Enough people heard him that a whisper began along the head table. Riktors tried to keep his expression bland. He knew immediately what the boy meant. It was something that Riktors had forgotten without forgetting. He knew that Ansset was nearly fifteen years old, that the contract with the Songhouse was nearly up. But he had not let himself think of it, had not let himself plan for a future without Ansset beside him.

Riktors looked at Ansset and patted his hand. We'll talk about it later, Riktors said. But Ansset looked worried. He spoke louder this time.

Riktors, the boy said, I'm nearly fifteen. My contract expires in a month.

Some of the prefects in the audience moaned; most, however, realized that what was being said at the head table was not according to plan. That Ansset was doing what no one dared to do-reminding the emperor of something the emperor did not want to know. They kept their silence.

Contracts can be renewed, Riktors said, trying to sound jovial and hoping to be able to change the subject immediately. He did not know how to react to Ansset's insistence. Why was the boy pushing the matter?

Whatever the reason, he was still determined to push.

Not mine, said Ansset. In two months I get to go home.

And now everyone in the hall was silent. Riktors sat still, but his hands trembled on the edge of the table. For a moment he refused to understand what Ansset was saying; but Riktors did not become emperor by indulging his need to lie to himself. Go home, the boy had said. His choice of words had to be deliberate-in public Ansset had no inadvertent words. Get to go home, not have to go home, he had said. And suddenly the last few years were all undone; Riktors felt them unwinding inside him, unraveling, all the fabric turning into meaningless threads that he could not put together however much he tried.

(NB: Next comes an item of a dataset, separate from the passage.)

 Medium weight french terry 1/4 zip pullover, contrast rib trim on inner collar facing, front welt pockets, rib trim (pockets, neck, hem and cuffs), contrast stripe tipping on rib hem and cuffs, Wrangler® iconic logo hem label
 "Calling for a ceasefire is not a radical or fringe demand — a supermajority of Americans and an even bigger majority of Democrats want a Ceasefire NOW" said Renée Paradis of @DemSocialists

There were countless days of conversation, the songs Ansset had sung to him, walks along the river. They had romped together like brothers, Riktors forgetting all his dignity, and Ansset forgetting-or so Riktors had believed-all the enmity of the past.

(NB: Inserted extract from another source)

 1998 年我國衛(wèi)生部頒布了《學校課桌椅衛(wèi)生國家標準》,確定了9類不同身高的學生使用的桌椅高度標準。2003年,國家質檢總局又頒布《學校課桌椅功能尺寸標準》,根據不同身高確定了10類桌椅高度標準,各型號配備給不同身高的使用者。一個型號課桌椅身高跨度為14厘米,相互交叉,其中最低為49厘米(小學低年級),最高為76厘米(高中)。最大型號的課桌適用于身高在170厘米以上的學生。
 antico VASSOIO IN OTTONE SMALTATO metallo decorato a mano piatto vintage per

Do you love me? Riktors had once asked, opening Himself as, with any other person, he could not have afforded to open himself. And Ansset had sung to him of love. Riktors had taken this to mean yes.

And all the time Ansset was marking time, watching for his fifteenth birthday, for the expiration of his contract, for home.

I should have known better, Riktors told himself bitterly. I should have realized that the boy was Mikal's, would always be Mikal's, would never be mine. He did not forgive, as I thought he had.

Riktors imagined Ansset returning to the Songhouse on Tew; he pictured him embracing Esste, the hard woman who only looked soft when she looked at the Songbird. Riktors pictured her asking, How was it, living with the killer? And he pictured Ansset weeping; no, never weeping, not Ansset. He would remain calm, merely sing to her of the humiliation of singing for Riktors Ashen, emperor, assassin, and pathetic lover of Ansset's songs. Riktors imagined Ansset and Esste laughing together as they talked of the moment when Riktors, weary of the weight of the empire in his mind, had come to Ansset in the night for the healing of his hands, and had wept before the boy sang a note. A weakling, that's what I've been, in front of a boy who never shows an unwitting emotion; he has seen me unprotected, and instead of loving me he has felt only contempt.

It was just a moment that Riktors sat there silently, but in his mind he progressed from surprise to hurt to humiliation and, at last, to fury. He rose to his feet, and there was no hiding the anger on his face. The prefects were alarmed-it is not wise to witness the embarrassment of powerful men, they all knew, and no one was so powerful as Riktors Mikal.